**INFORMATION SHOWN**
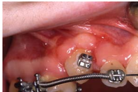
Fig. 3. Erupted canine with attached gingiva at its cervical area.
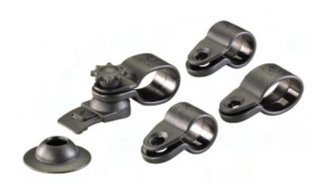
68089 Poly Mount Kit - universal mounting via slot attachment or self-adhesive mount

Includes adapters for mounting: 4AA ProPolymer® Series 3AA ProPolymer® HAZ-LO® 2AA ProPolymer® Series or PolyTac® Series
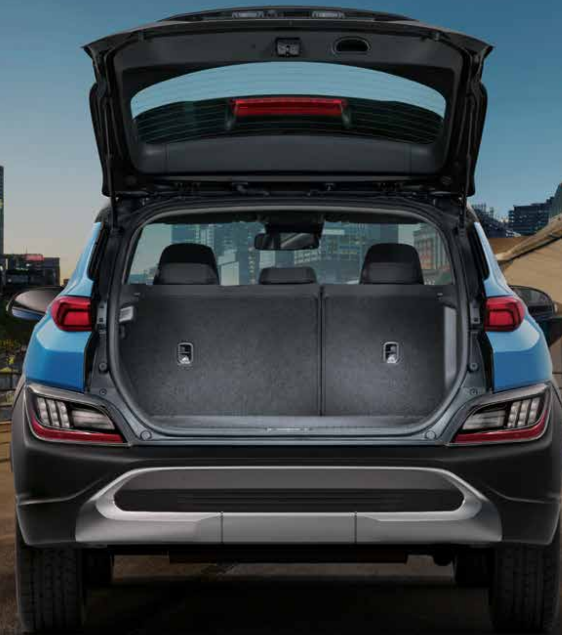
LED trunk and tailgate lights
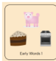
Early Words 1
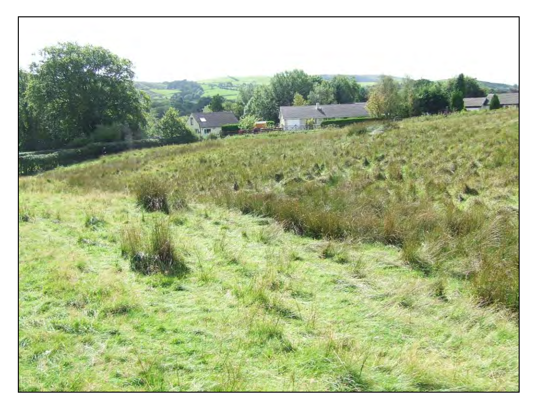
Photo 17: Site Interior – Lower section of small valley shown on photo 16, looking south west
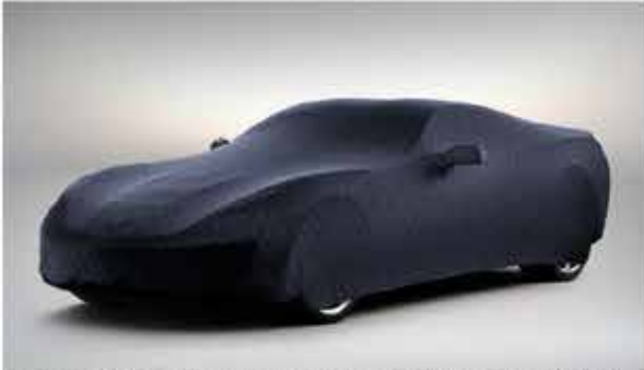
Embossed Stingray Logo Pattern Indoor Dust Cover, Black (RWH)
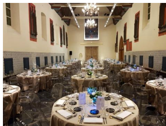
Salle des Hospices
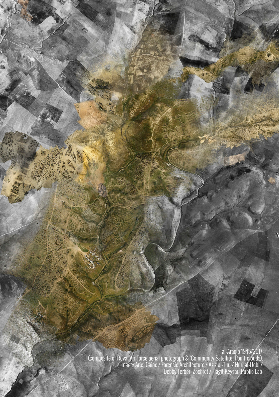
al-Araqib 1945/2017 (composite of Royal Air Force aerial photograph & 'Community Satellite' point clouds).
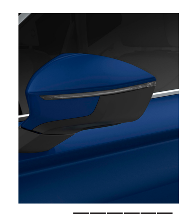
SE SE+ XP XP+ FR FR+ Energy Blue K4K4 - Soft
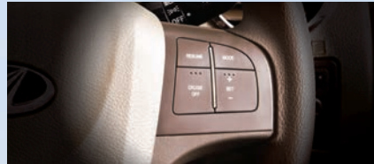
> Cruise Control maintains vehicle speed, relieving your leg.
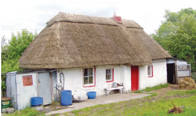
( fig. 93 ) BALLYDUGGAN (c. 1800)

Modest single-storey vernacular houses, with farm buildings ranged around a yard, were built throughout the first half of the century. Most have been extended over time and their original thatched roof-coverings replaced with slate or corrugated iron ( figs. 93-4 ). In South Tipperary, water reed is the most common thatching material, but there is evidence that
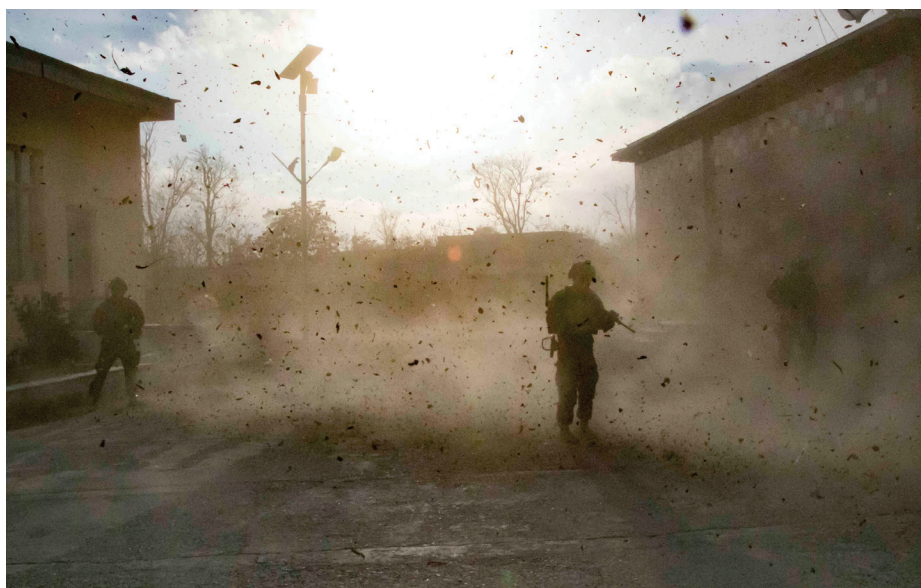
CH-47 Chinook helicopter kicks up dust during ongoing security efforts in Southeastern Afghanistan

**TASK DETAILS**
Each line in the listing that contains "with" should be returned.

**WRITTEN SOLUTION**
Fig. 3. Erupted canine with attached gingiva at its cervical area.
Modest single-storey vernacular houses, with farm buildings ranged around a yard, were built throughout the first half of the century. Most have been extended over time and their original thatched roof-coverings replaced with slate or corrugated iron ( figs. 93-4 ). In South Tipperary, water reed is the most common thatching material, but there is evidence that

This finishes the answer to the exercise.